Он жил один, а почему, никто из нас, мальчишек, не знал. Да и не задумывались мы об этом. Сейчас бы сказали: "военный синдром", а тогда говорили просто  - "бобыль", и всё.

Через два дома от нашего стояла баня.  Горячая вода тогда мало у кого была, а уж ванна… Так что раз в неделю мы ходили в баню. Мы с отцами и дедами — в мужской день, ну, а наши мамы, сёстры и бабушки, стало быть, в женский. И было в этой бане заветное окно. Высоко, с земли не заглянуть, но под окном стояла скамейка. Солидная скамья, крашенная суриком, в чугунной оправе и намертво вбетонированная в землю. То есть перенести её было никак невозможно. На этой незаменимой скамейке мы, пацаны, собирались часто. Окно хоть и было забелено изнутри известью, но с огрехами, а кое-где и поцарапано трудолюбивыми уборщицами. И если встать на спинку скамейки… Тут, главное, чтобы прохожих не было, а то такой крик поднимут — ого-го, да ещё и матерям доложат. Поэтому часто мы просто сидели и слушали. Правый верхний уголок стекла был отколот, и этого хватало для наших чутких мальчишеских ушей. Плеск воды, шлепки по мокрому голому телу, стук шаек, а если повезёт, то девчачий визг или смех. И никаких к нам претензий — сидим, семечки щелкаем, ничего такого, не придерёшься. Единственно, кому было на наши уловки наплевать, был дворник Коля. Как увидит нас на скамейке, так метлой и замахнётся! Тут одно  только спасение — бежать врассыпную — Атас! Весело! Родителям Коля никогда ничего не рассказывал, и мы его за это уважали. 
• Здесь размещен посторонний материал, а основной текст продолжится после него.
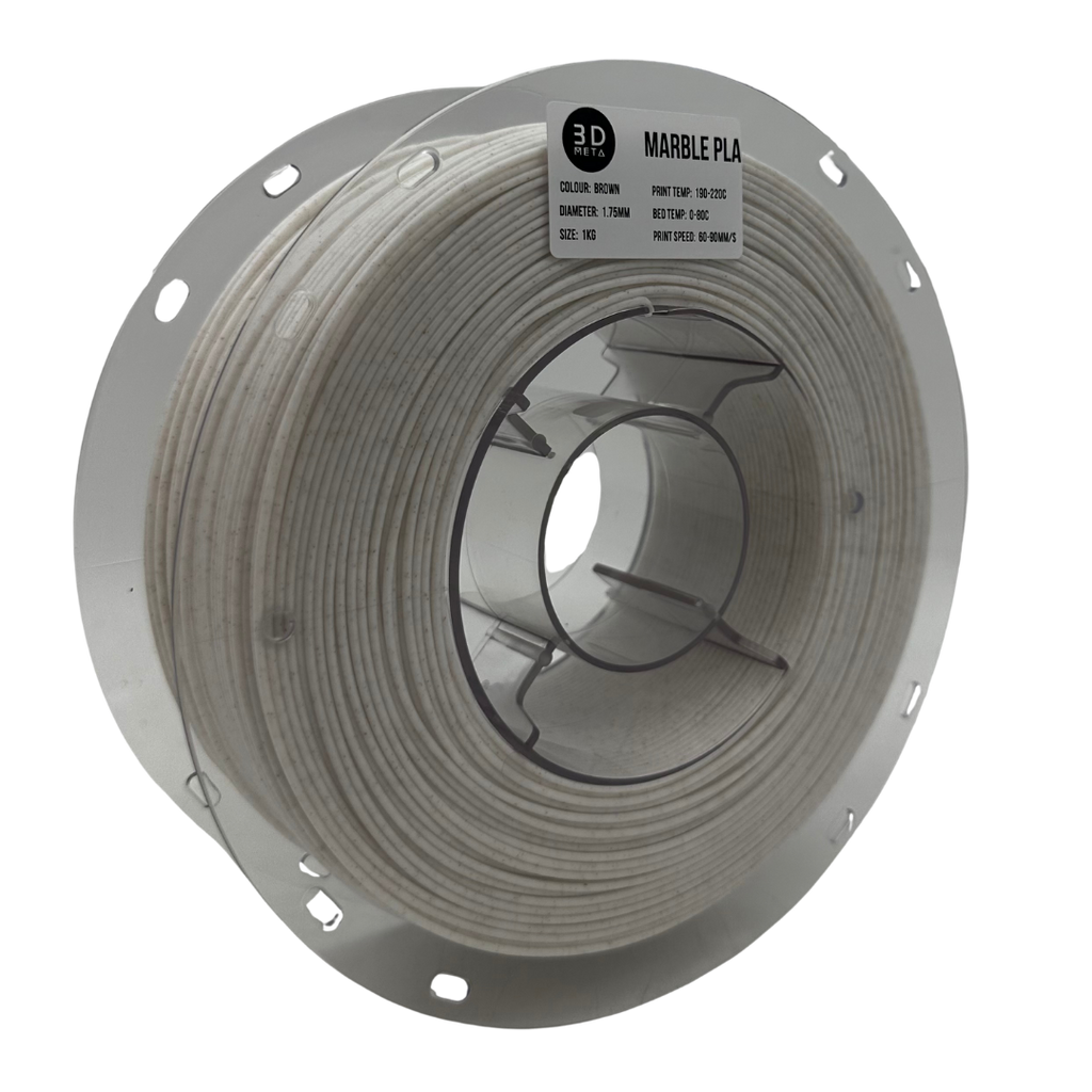 3D META’s 3D printing marble filament offers a unique aesthetic that replicates the look and feel of real marble, adding an elegant touch to your 3D printed projects. Made from high-quality polylactic acid (PLA) combined with special additives, this filament produces a stunning stone-like appearance with subtle, natural-looking textures and colour variations. Whether you’re creating decorative items, architectural models, or artistic pieces, our 3D printing marble filament provides a premium finish that stands out.

  Был у нас и своеобразный кодекс чести. Таких слов мы, правда, тогда не знали, но по молчаливой договорённости никогда не сидели на скамье, если в бане мылись "свои". Бывает, только пристроишься, прислушаешься, как подходит, скажем, Вовка, и говорит: "Мои пошли". И всё — уходишь несолоно хлебавши.
Дни, когда водили на помывку детдомовских девчонок, были самыми ценными, всеми правдами и неправдами мы старались улизнуть из дома. Иной раз так наслушаешься да наподглядываешься, что со скамейки не встать. Кто-нибудь нет-нет, да останется сидеть — "идите, говорит, я потом". И все понимали, никто не ржал. Потому что сегодня он, а завтра, может, ты. Я и сам не раз оставался. Мне, мол, домой ещё рано, делать нечего. И ребята ничего не говорили, разве что сплюнут сквозь зубы, и всё. И не было в этом "цсшии!" никакого презрения, скорее уважение даже и понимание. 
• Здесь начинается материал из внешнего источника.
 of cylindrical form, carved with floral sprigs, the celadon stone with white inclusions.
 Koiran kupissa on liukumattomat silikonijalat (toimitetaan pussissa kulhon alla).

А я сидел и старался думать про школу и про то, что от отца влетит — опять не вынес мусорное ведро.

   Мысли про школу помогали мало. Прямо передо мной за партой сидела девочка, Тонечка, и я все уроки просиживал, уставясь на её русый затылок с пробором посередине и на тонкую нежную шейку в завитушках. Впрочем, слова "нежная" в моём тогдашнем лексиконе не было, равно как и слова "Тонечка". Девчонка кликалась Тонькой-Афонькой, а про шею не думалось вообще. Но, сидя на крашенной суриком лавке, неизменно видел перед собой тонкий ровный пробор, белую кожу, колечки волос. Вот надо же, столько лет прошло, а её имя помню. Имена друзей-однокурсников позабывал, в женщинах своих бывших путаюсь, а её имя — помню.
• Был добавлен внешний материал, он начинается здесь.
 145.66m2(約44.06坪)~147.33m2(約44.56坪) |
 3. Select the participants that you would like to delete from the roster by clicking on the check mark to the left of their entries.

  Так вот, мысли о школе помогали мало, но зато мысль об отцовской тяжёлой длани — очень даже. И я сидел на сурике и строил план, как проберусь тихонько в квартиру, стащу на кухне злополучное ведро и выскользну незамеченным во двор к мусорным бакам. План этот ни разу так и не сработал. 
 Но когда-то всему приходит конец.

  Помню, уходило лето, мы с пацанвой догуливали последние денёчки перед школой и о скамейке, конечно же, не забывали. И вот однажды сворачиваем мы за угол, направляясь к заветному месту, и видим, что окно наше кто-то… спёр. Вот нету окна! Кирпичная стена — есть, скамейка на чугуне — стоит, но над ней вместо забеленного стекла — доски. Аккуратно так друг на друга приколоченные. Мы всё же на скамейку присели. Ничегошеньки не слыхать! Расстроились мы чрезвычайно. Плетёмся назад, во дворы, и рассуждаем, отчего да почему, да кто такую подлость совершил. Проходим мимо дворницкой, глядь, а у Коли-то нашего — новенькие стёкла сияют. И один уголок отколот. Мы так и застыли — уж от кого, от кого… Слышим сзади шаги: дворник подходит, улыбается, метла новёхонькая наперевес. "Ну что, -говорит, — мужики, покурим?" А Вовка ему: " Да пошёл ты..." Коля как-то сразу потускнел и даже в размерах как будто уменьшился, съёжился. Отвернулись мы и ушли — кончилась наша дружба. Дворник Коля потом в новые окна новую барышню привёл — для неё, видать, и старался. Да только недолго они через банное стекло на улицу смотрели — и недели не прошло, как кто-то камнем вышиб. Коля виноватых и не искал. 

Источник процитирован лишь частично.